Since these devices are derived from EPLD technology the programming is achieved in a similar manner to an EPROM via an Altera logic programmer card in a PC connected to a master programming unit. The MAX 7000 is similar to the 5000 series except that the logic block has two more input variables. The MAX 9000 is similar to the 7000 device except that it has two levels of PIA. One is a PIA local to each LAB while the other PIA connects all LABs together. Both the 7000 and 9000 series are E2PROM devices and hence do not need an ultraviolet source to be erased.
It should be noted though that these devices are not true FPGAs and have a limited number of flip-flops available (one per macrocell). Hence, the Altera Max 5000/7000/9000 series is more suited to combinatorially intensive circuits. For more register intensive designs Altera offers the Flex 8000 and 10 K series of FPGAs which uses an SRAM memory cell based programming technique (as used by Xilinx—see next section); although currently rather expensive it will in time become an attractive economical option. The Flex 8000 series (part number: EPF8XXX) has gate counts from 2000 to 16000 gates. The 10 K series (part number: EPF10XXX) however, has gate counts from 10000 to 100000 gates!
13.4.5.2 SRAM/MUX Type FPGAs
The most common FPGA that uses the SRAM/MUX programming environment is that supplied by Xilinx. The range of devices provided by Xilinx consists of the XC2000, XC3000 and XC4000. The versatile cell of these devices is the “configurable logic block” (CLB) with each FPGA consisting of an array of these surrounded by a periphery of I/O blocks. Each CLB contains combinational logic, registers and multiplexers and so, like the Altera devices, has a relatively coarse granularity. The Xilinx devices are programmed via the contents of an on-board static RAM array which gives these FPGAs the capability of being reprogrammed (even while in operation). However, the volatility of SRAM memory cells requires the circuit configuration to be held in an EPROM alongside the Xilinx FPGA.
A recent addition to the Xilinx family is the XC6000 range. This family has the same reprogrammability nature as the other devices except it is possible to partially reconfigure these devices. This opens up the potential for fast in-circuit reprogramming of small parts of the device for learning applications such as neural networks.
13.4.5.3 Fuse Type FPGAs
The most common fuse type FPGA is that supplied by Actel. These devices are divided into the Act1, Act2 and Act3 families. The Act1 FPGAs (part numbers: AI0XX) contain two programmable cells: “Actmod” and “IOmod.” The versatile core cell is the Actmod which is simply based around a 4-to-1 multiplexer for Act 1. This versatile cell is shown in Figure 13.25. Since this cell is relatively small the array is classed as fine grain. By tying the inputs to either a logic “0” or logic “1” this versatile cell can perform 722 different digital functions. The programmable IOmod cell is used to connect the logic created from the Actmods to the outside world. This cell can be configured as various types of inputs and/or outputs (bidirectional, tristate, CMOS, TTL, etc.). Unlike the Xilinx and Altera devices, the Actel range are programmed using fuse technology with desired connections simply blown (strictly called an antifuse). These devices are therefore “one time programmable” (OTP) and cannot be reprogrammed. The arrays have an architecture similar to a channelled gate array with the repeating cell (Actmod) arranged in rows with routing between each row. The routing contains horizontal and vertical metal wires with antifuses at the intersection points.
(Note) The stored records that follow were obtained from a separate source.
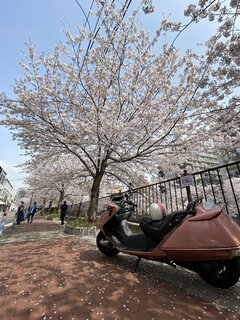 大岡川は、四季を通じて川沿いを歩きたくなる場所の一つです。桜の季節もまた格別な時期です、が、少し桜が散り始めの頃がバイク乗りには堪らないものです。ボディカラーとメットカラーに路面も重なってバランスの良い構図になっています。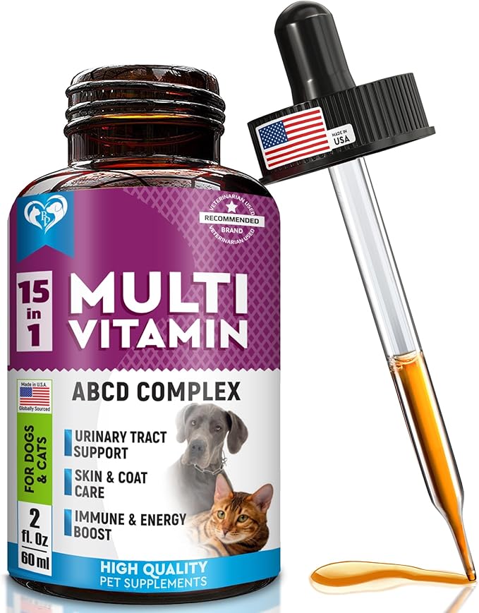 • ✅ FOR ALL BREEDS AND SIZES: Formulated for daily use, this liquid multivitamin is versatile, serving pets of all ages and sizes - from kittens and puppies to medium and large breeds. It boosts immunity, urinary tract health, digestive health, liver function control, eye vision, and more. With a rich blend of vitamins and natural extracts, it's an all-in-one solution to keep your small pet lively and healthy. The sample drops seamlessly into any pet care, happy life for your pets.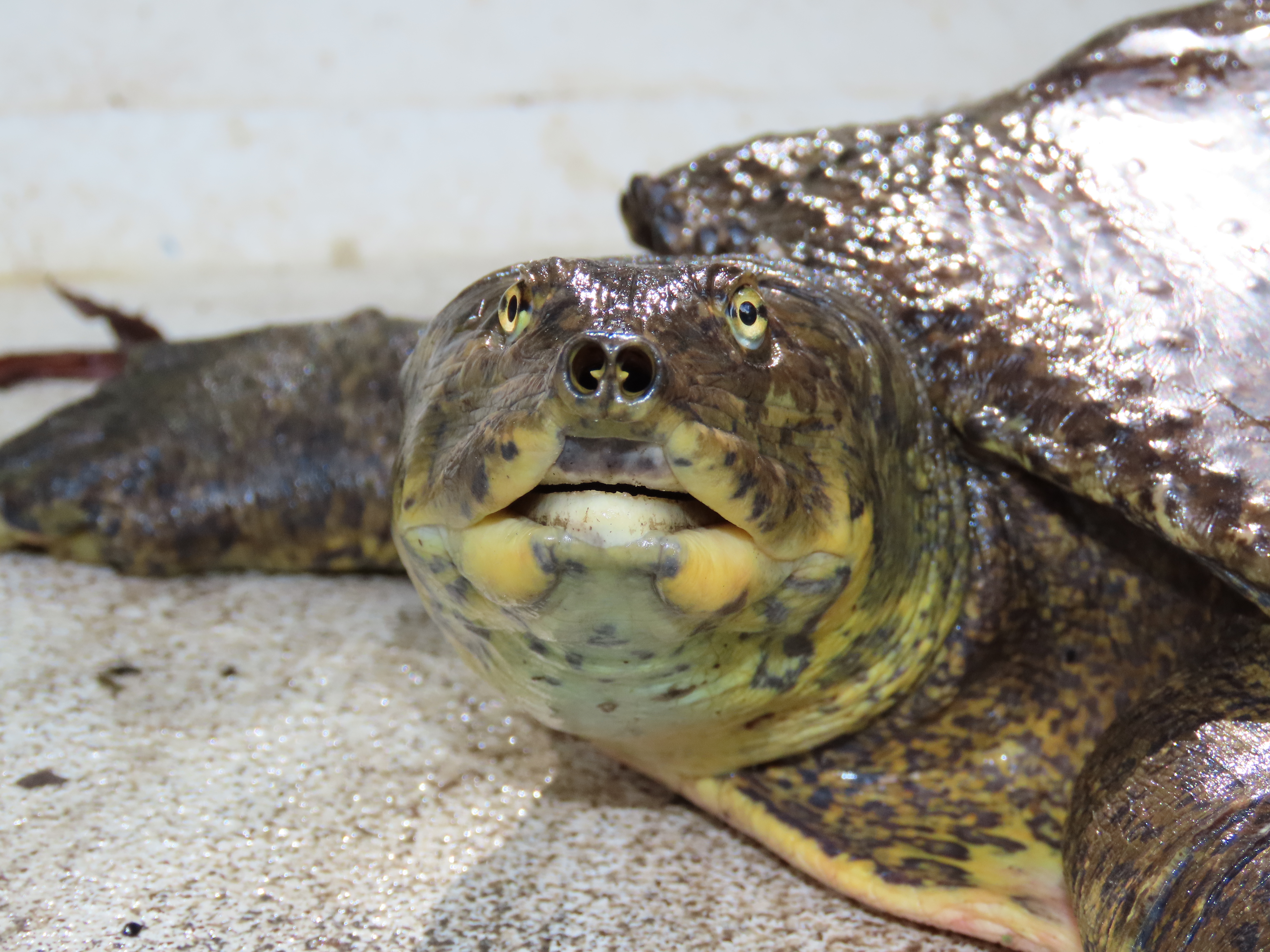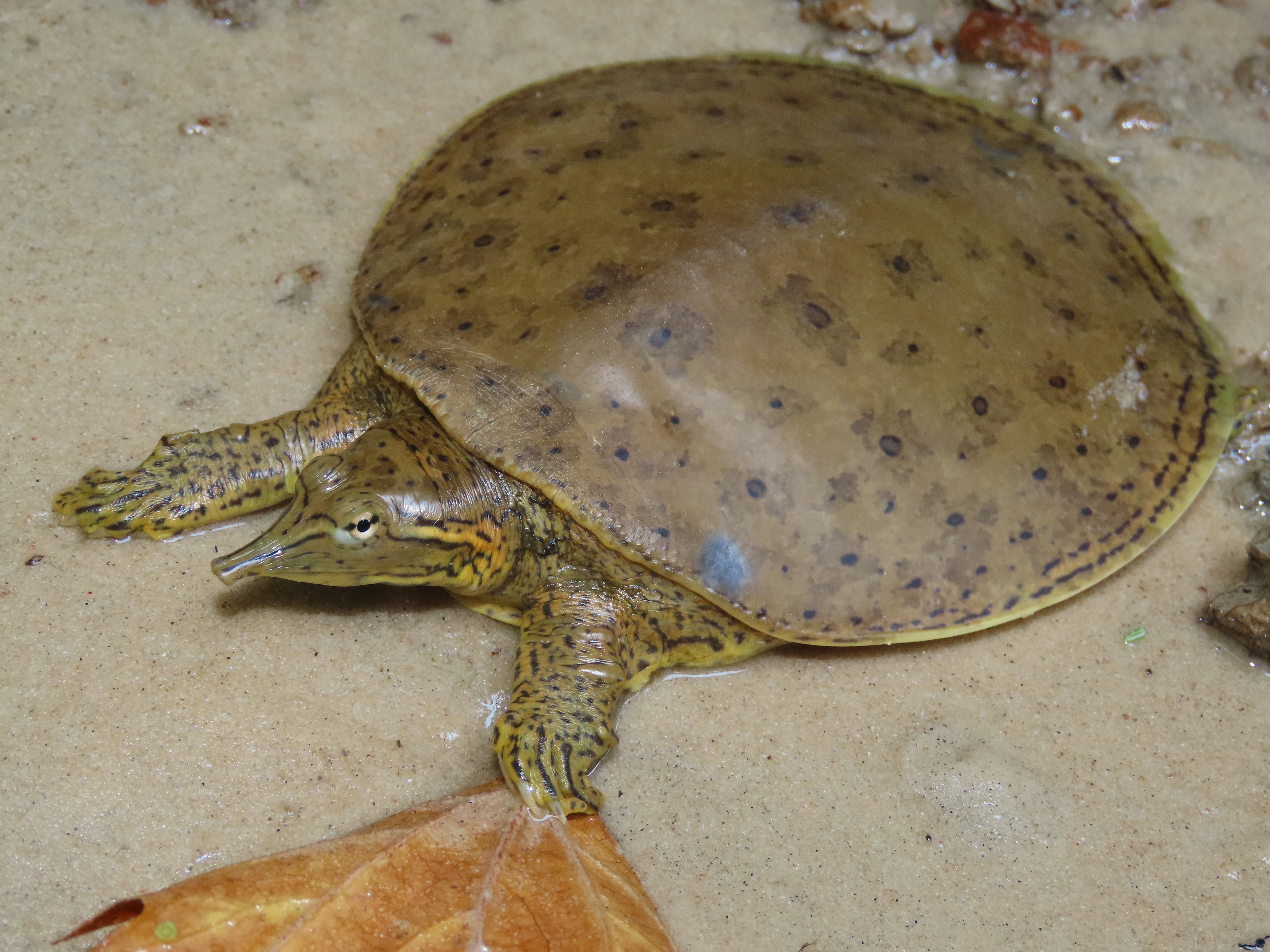 Louisiana Conservation Status: Spiny Softshells are a restricted species in Louisiana, where, with a proper license, they may be taken, but take and possession is limited to two Spiny Softshells, and no more than 10 restricted turtles (maximum of two per species, except Western Alligator Snapping Turtles which is one) are allowed in possession.

Figure 13.25 Versatile cell used for Actel Act1 range of fused FPGAs
Other devices in the Actel range are the Act2 (part numbers: A12XX) and the Act3 (part numbers: A14XX) devices. These use two repeating cells in the array. The first is a more complex Actmod cell called Cmod, used for combinational purposes, while the other cell is a Cmod with a flip-flop.
Table 13.1 shows a comparison of some of the FPGA devices offered by Altera, Xilinx, and Actel.
Table 13.1 Comparison of some FPGA types
Example 13.10
Consider the versatile Actel cell shown in Figure 13.25. What functions are produced if the following signals are applied to its inputs:
Assume that the signals A and B are inputs having values of “0” or “1” and that for each multiplexer when the select line is low the lower input is selected.
Solution
(a) In this case the OR gate output is always zero and so the lower line is selected. This is derived from the lower multiplexer whose select line is controlled by the only input “A”. With the inputs to this multiplexer at “0” for the upper line and “1” for the lower line, the output follows that of an inverter.
(b) Here it is helpful to construct a truth table and include in this table the output of the OR gate, called sel (See Table 13.2). We can thus see that the function is a two-input OR gate.
Table 13.2 Truth table for Example 13.10(b)
(c) Again a truth table (including sel) is useful to work out the function implemented (See Table 13.3).
Table 13.3 Truth table for Example 13.10(c)
A Karnaugh map for the output is shown in Table 13.4, which generates the function:
Table 13.4 Karnaugh map for Example 13.10(c) output
13.4.6 CAD Tools for Field-Programmable Logic
The programming of field-programmable logic devices is implemented directly via a computer. The software needed for PALs and PLAs is usually a simple matter of producing a programming file called a fuse or an EPROM bit file. This file has a standard format (called JEDEC) and contains a list of l’s and 0’s. This file is automatically generated from either Boolean equations, truth tables or state diagrams using programs such as ABEL (DataIO Corp.), PALASM (AMD Inc.) and CUPL (Logical Devices Inc.). In other words the minimization is done for you and it is not necessary to draw out any Karnaugh maps. Software programs that can directly convert a schematic representation into a JEDEC file are also available. Since these devices have only an MSI complexity level, the software tools are relatively simple to use and also inexpensive.
The FPGAs, on the other hand, have capacities of LSI and VLSI level and are much more complex. Since FPGAs are similar in nature to mask programmable gate arrays, the associated CAD tools have been derived from mask programmable ASICs and follow that of Figure 13.13; that is: schematic capture (or VHDL), prelayout simulation, layout, back annotation and postlayout simulation.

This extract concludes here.